3.6. Differences in Gut Microbiota Composition Between the Groups
To compare the gut microbiota composition between the two groups, we first assessed α-diversity (within-sample diversity). The HPD group exhibited lower diversity than the control group, as reflected by the Shannon index (Figure S2 from Supplementary File). Additionally, β-diversity analysis revealed a distinct separation between the two groups along the principal component 1 (PC1), which accounted for 27.9% of the variation, and the principal component 2 (PC2), which accounted for 26.3% (Figure S3 from Supplementary File).
LEfSe analysis identified significant differences in the abundance of four bacterial genera (p < 0.05, LDA > 2) between the HPD and control groups. The enriched genera in the HPD group included Flavonifractor, Streptococcus, Faecalibacterium, and Lachnoclostridium (Figure 6), which belong to the phylum Firmicutes.
3.7. Functional Changes in Gut Microbiota Between the Groups
To explore whether the HPD affected the function of gut microbiota, we conducted LEfSe analysis of KEGG pathways. As shown in Figure 7, we identified 10 pathways enriched in the HPD group, including ko02010 (ABC transporters), which are involved in protein and carbohydrate metabolism. In contrast, two KEGG pathways were enriched in the control group: ko02020 (two-component system) and ko00190 (oxidative phosphorylation). These findings suggest that an HPD alters the functional capacity of gut microbiota, enhancing its ability to metabolize proteins and carbohydrates.

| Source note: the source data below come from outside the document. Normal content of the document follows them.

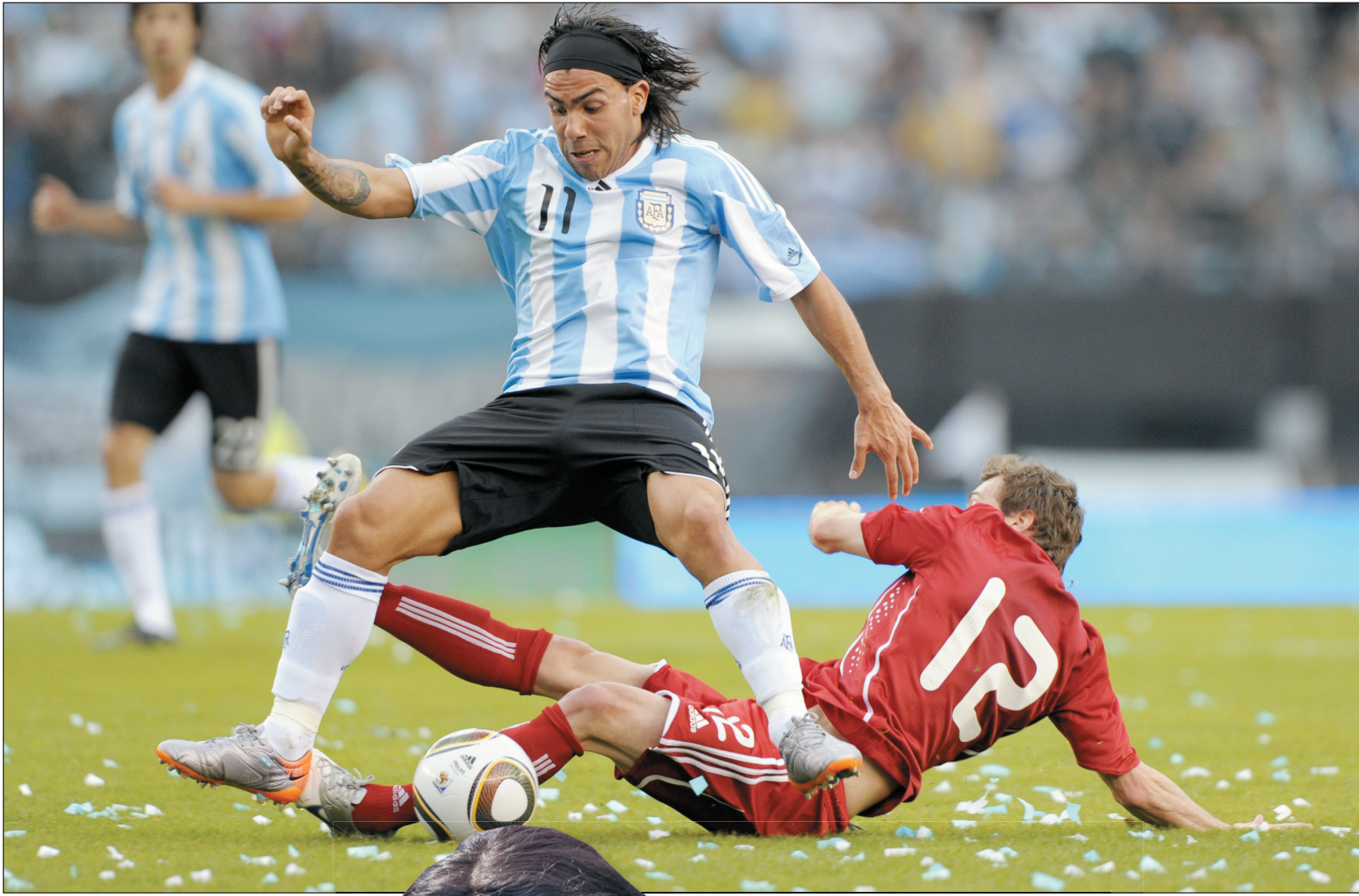
بطولة كوبا أميركا تواجه ظروف مناخية صعبة

وقال ريبيرو في تصريح تلفزيوني برازيلي: «من المتوقع أن تستمر المشكلة ليومين أو ثلاثة أيام. إذا تأكد ذلك، سأواصل بالكونمبول لمعرفة الحل. وفي الشأن ذاته أعرب إلكين سوتو لاعب خط
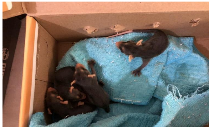
(48030 ao 48038) - Gambás, filhotes. Provenientes de Bragança Paulista no dia 20-01-2024
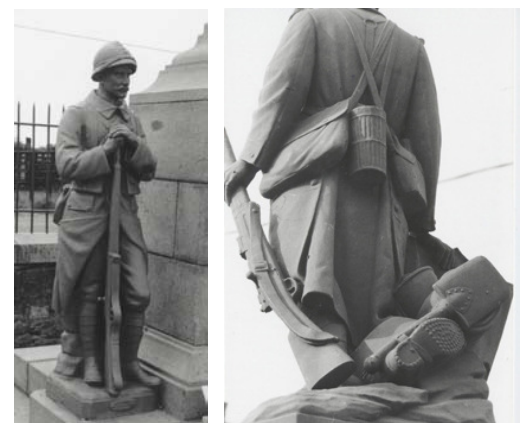
Monuments aux morts de Notre-Dame des Landes et de la Meilleraye de Bretagne

Des objets, tels que les casques, médailles, armes, fils barbelés, masque à gaz, etc. , nous rappellent l'horreur de la guerre.
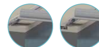
C - Rails à visser sur plage D - Rails encastrés sur plage
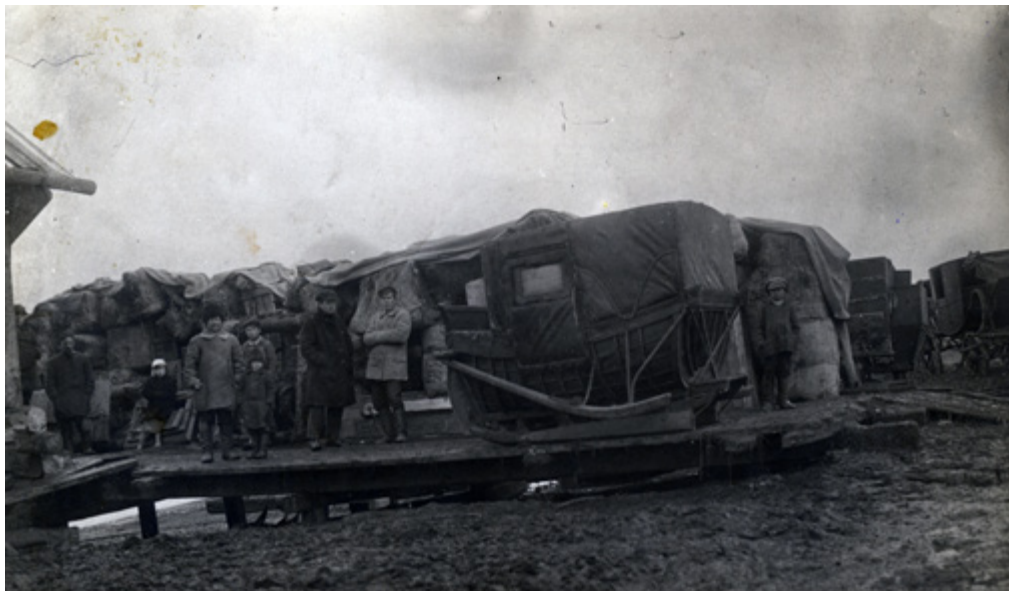
Ил. 3. Музейные грузы на пристани Пажва. Конец сентября 1925. Ф. 2. Д. 1125. Л. 40.
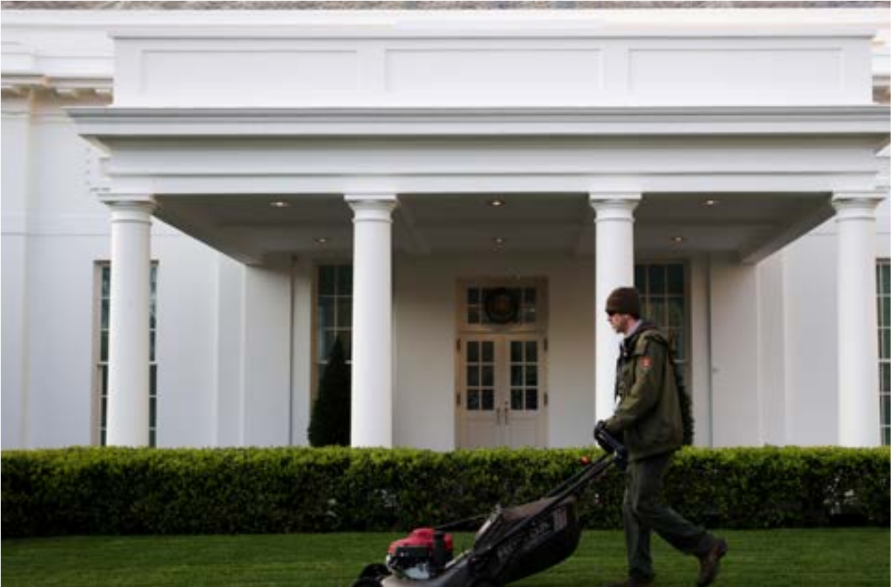
A National Park Service gardener mows the lawn as Trump prepared to join G20 leaders on a conference call about the global coronavirus response at White House in Washington

The data added to an alarming scenario spelled out by
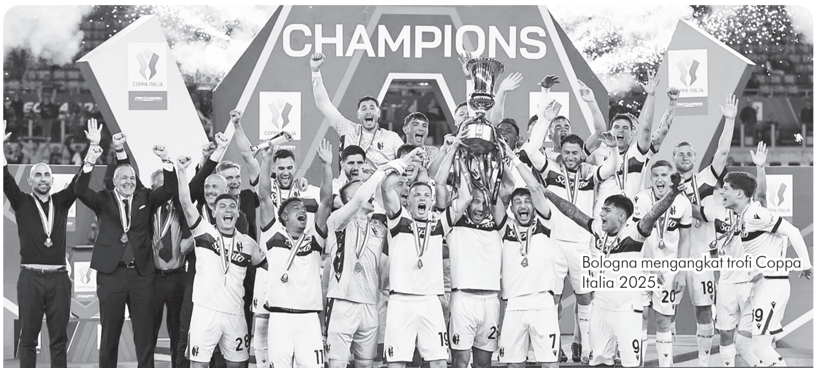
Bologna mengangkat trofi Coppa Italia 2025.
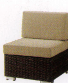
ロードス(肘なし) ¥88,000~ P 59
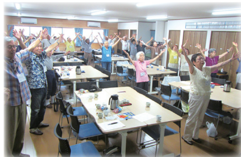
コーヒープレイク、カラオケ、毎回最後にはみんなで体操！

このサロンには、「誰でも参加できる会に」「続けながら検討し、どんな形にでもなっていけるように」「参加者が自主的に関われる内容に」という思いがあります。手伝いたいという方も現れ、担い手づくりにもつながっています。毎回終了後には、課題や内容を検討。どんな風にしたら担い手も参加者も楽しめるか、回を重ねるごとに新しい工夫やアイデアが活かされています。
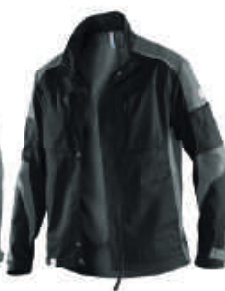
Schwarz | Anthrazit 1250 5365-9997 XS-4XL
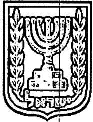
תכנון זמין מונה הדפסה 11

תכנית זו עוסקת בשינוי קו בניין במגרש 909, בפינת הרחובות ציזלינג ויערי מאיר, בבאר שבע. שינוי קו הבניין יאפשר את הרחבת בית הכנסת הקיים על המגרש. כמו כן, התכנית קובעת מבנים להריסה שנבנו ללא היתר.
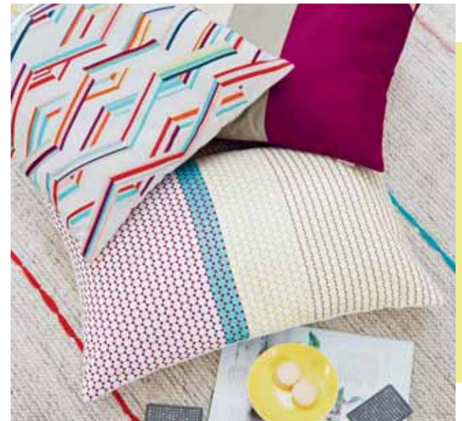
CUSHION COVER CORO 45x45 cm € 19,99 CUSHION COVER BLOCK 45x45 cm € 22,99 / PATI 38x58 cm € 22,99
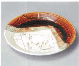
22413-519 飴釉刻紋70皿 4,500円 40入 (21.4×2.8cm)
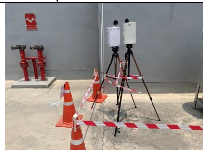
รูปที่ ผ7.87 การตรวจวัดระดับเสียงในบรรยากาศ บริเวณอาคารชุดพักอาศัย (KAVE TOWN (Shift))
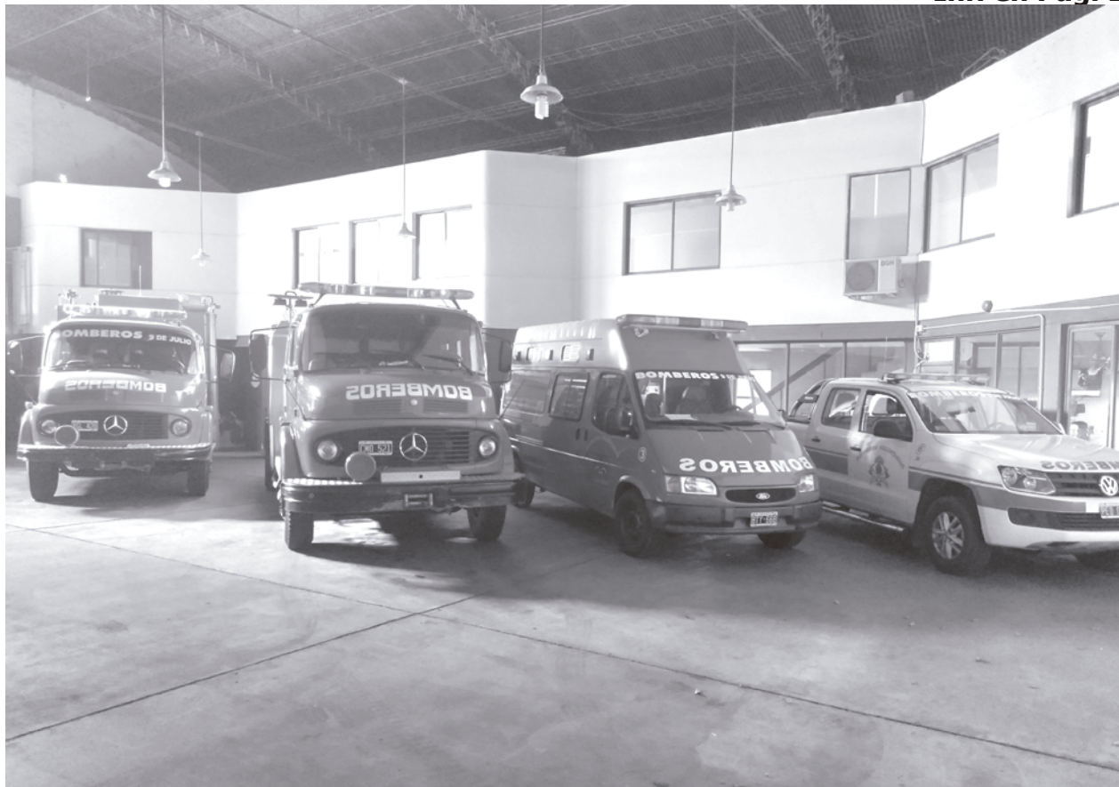
Unidades móviles pertenecientes a la Asociación Bomberos Voluntarios fundada el 10 de julio de 1946.

3.8. Genes Involved in Protein and Carbohydrate Metabolism
Given our interest in the genes involved in protein and carbohydrate metabolism, we analyzed the relevant enzymes encoded by the gut microbiota. In the nitrogen metabolism pathway (Figure 8a), two KEGG genes (K02575 and K05601) were enriched in the HPD group, while one KEGG gene (K00459) was enriched in the control group. Further analysis identified four bacterial species (Eubacterium pyruvativorans, Coprococcus catus, Megasphaera elsdenii, and Prevotella copri) that exhibited significantly higher gene abundances in the HPD group. Additionally, carbohydrate-active enzymes (CAZymes) analysis revealed an enrichment of CBM4, GT26, GT51, and CBM22 families in the HPD group, while only GH94 and CBM16 families were enriched in the control group (Figure 8b).
4. Discussion
In this study, we demonstrated that an HPD can induce IR in the liver through elevated level of TMAO derived from gut microbiota-produced TMA. The dysfunction of gut microbiota plays a crucial role in this process, likely by impairing the binding of insulin to its receptor. These findings suggest that careful consideration is needed when evaluating the benefits of the HPD, particularly in terms of body weight control.
We compared the transcriptomic differences in the liver between the two groups and found that most DEGs and pathways were involved in carbohydrate, insulin, nitrogen compound responses, and insulin-related pathways. In evaluating the impact of excessive TMAO on the liver, we focused on gene-level changes. GO enrichment analysis revealed that DEGs responsible for modulating insulin receptor complex and insulin receptor substrate binding were completely inhibited in the HPD group. The insulin receptor complex, after binding to insulin, is internalized and processed by target cells [23]. It has been reported that individuals with IR have a dysfunctional insulin receptor complex, and the absence of gene expression may lead to an incomplete structure of the insulin receptor complex, increasing the risk of IR in liver cells [24]. Insulin receptor substrate plays a pivotal role in the insulin signaling cascade, and impairment of this pathway can contribute to IR [25]. Our findings align with this understanding. While several IR-related KEGG pathways were enriched, it remains challenging to pinpoint the exact pathway most critical at the gene level. Based on GO enrichment analysis, we infer that the insulin resistance-related KEGG pathways involved in insulin binding to its receptor or receptor substrate will likely be impaired in the HPD group.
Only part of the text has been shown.